WHAT YOU ARE ASKED TO DO:
Everything from the line containing "在元旦来临前,该矿环保中心、" through the last line of the listing below should be returned exactly, except for pictures.

DATA BELOW:
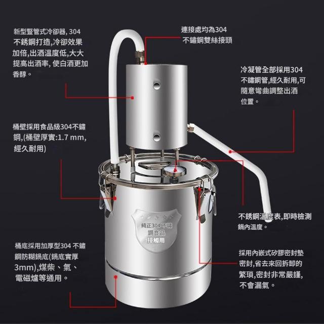 304不鏽鋼釀酒機 蒸酒器 蒸餾機 釀酒設備 小型家用家庭燒酒蒸餾器白酒純露釀酒設備 帶溫度計
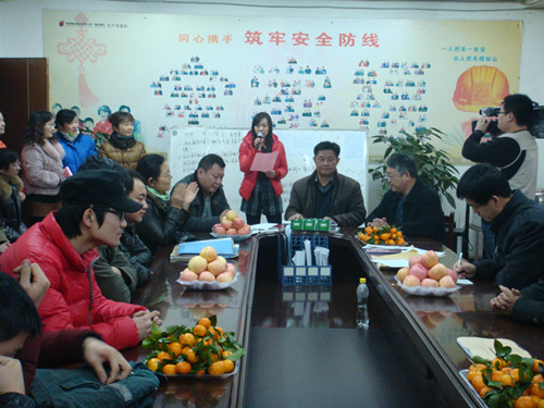 在元旦来临前,该矿环保中心、更新厂、洗煤厂女工协管分会,深入协管结对子单位生产准备队、综掘一区,综掘二区,开展结对子联谊活动并搞好后勤服务。她们利用该区班前会时间,为一线职工送上平安果、吉祥橘,宣读《安全慰问信》,为一线职工献上《好人一生平安》《365个祝福》等歌曲,在欢声笑语中营造出浓厚的亲情嘱安全舆论氛围。图为环保中心女工为生产准备队矿工师傅演唱祝福歌曲。
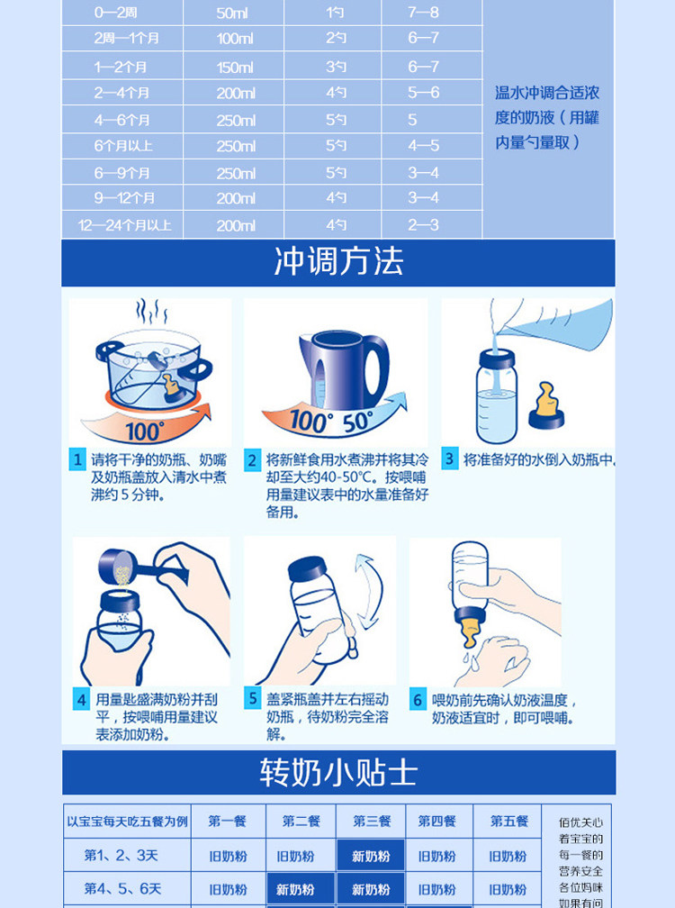 【储存方法】 阴凉干燥处,避免阳光直射,奶粉不能放冰箱,一个月内食完。

RESPONSE BELOW:
 在元旦来临前,该矿环保中心、更新厂、洗煤厂女工协管分会,深入协管结对子单位生产准备队、综掘一区,综掘二区,开展结对子联谊活动并搞好后勤服务。她们利用该区班前会时间,为一线职工送上平安果、吉祥橘,宣读《安全慰问信》,为一线职工献上《好人一生平安》《365个祝福》等歌曲,在欢声笑语中营造出浓厚的亲情嘱安全舆论氛围。图为环保中心女工为生产准备队矿工师傅演唱祝福歌曲。
 【储存方法】 阴凉干燥处,避免阳光直射,奶粉不能放冰箱,一个月内食完。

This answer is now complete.